Blockchain in supply chain is one of the most widely discussed topics in the industry at present. Even more companies have come to realize that digitization of the supply chain through blockchain is crucial since the Covid-19 pandemic almost clogged the whole process. Blockchain can make supply chains more transparent and make products easily traceable. It can reduce manual documentation processes and save both cost and time.

  • Banking and Finance

Whether or not you realize it, our traditional banking and financial system is inefficient. High transaction costs, slow cross-border settlement, low transparency and lack of control over our own funds are some issues that need better solutions. Blockchain promises a financial system that is independent of intermediaries, and hence, more cost and time-efficient. Additionally, it provides more transparency and control to its users.

  • Cloud Storage

One of the most important aspects of blockchain is about decentralizing control over data and information. And today’s cloud storage systems are totally controlled by technology giants such as Google and Amazon. Blockchain can power a cloud storage system where owners have full control over their data.

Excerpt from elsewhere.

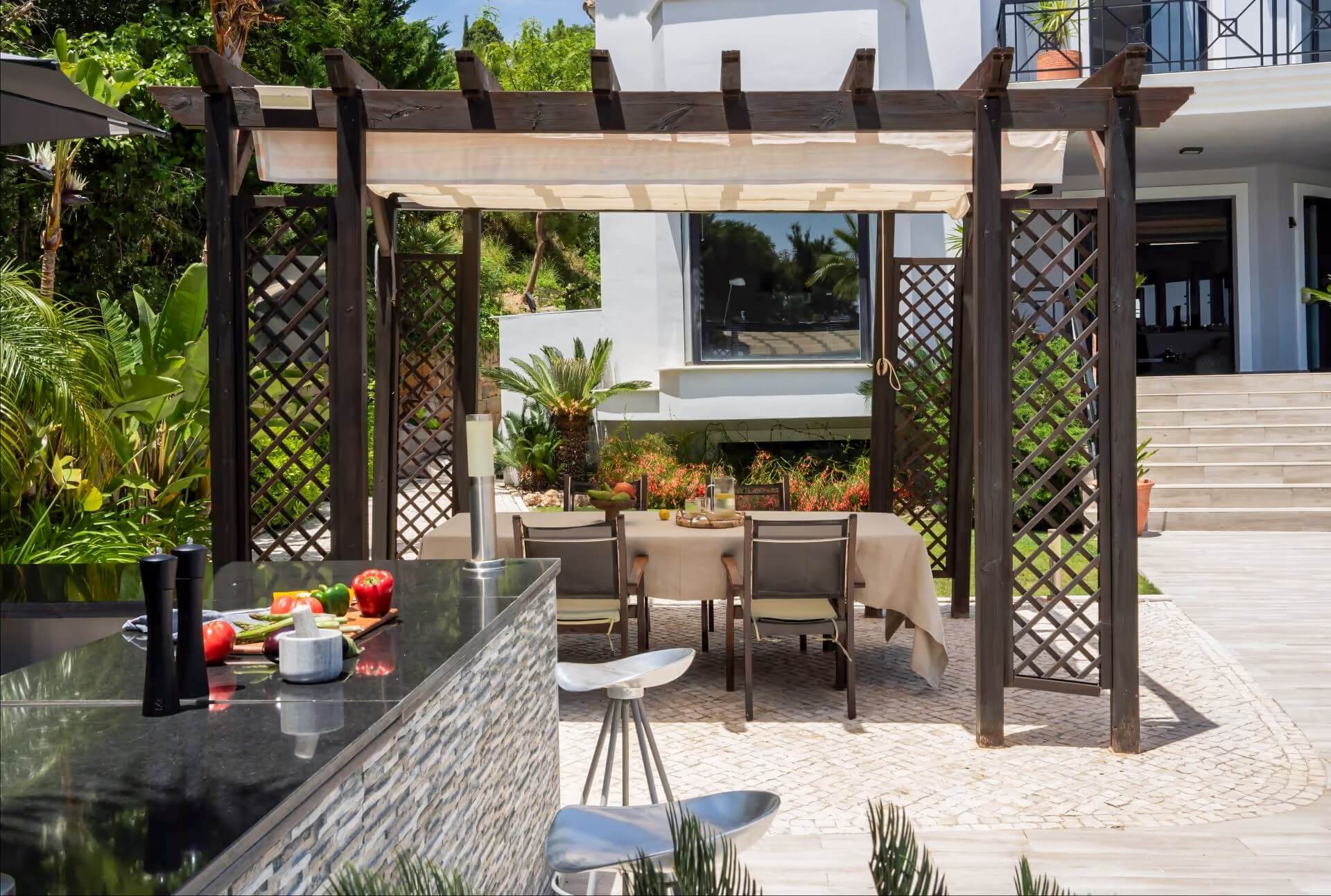 Besides the luxury, the villa also includes a private office and several guest rooms. Specifically, this layout enhances the overall functionality for those who work from home. Furthermore, the garage for two cars ensures secure parking at all times. Because there is an option to extend the garage, the property offers great flexibility for future needs. As a result, this villa for sale in Monte Mayor meets both practical and lifestyle requirements perfectly. So, it is ready to adapt to any family’s changing circumstances.

  • Health and Pharmaceutical

Blockchain promises two major use cases for the health and pharmaceutical industry: better supply chains to fight counterfeit pharmaceutical products that cost thousands of lives each year and a more organized and interoperable electronic health record management system. It could save the global medical industry $200 billion each year.

Parting Thoughts

It has only been 10 years since blockchain was first put into use. And we are already seeing wide adoption of the technology. It is highly likely that in the coming years, we will see more applications of blockchain which will disrupt traditional industrial processes to make them more organized and trustworthy.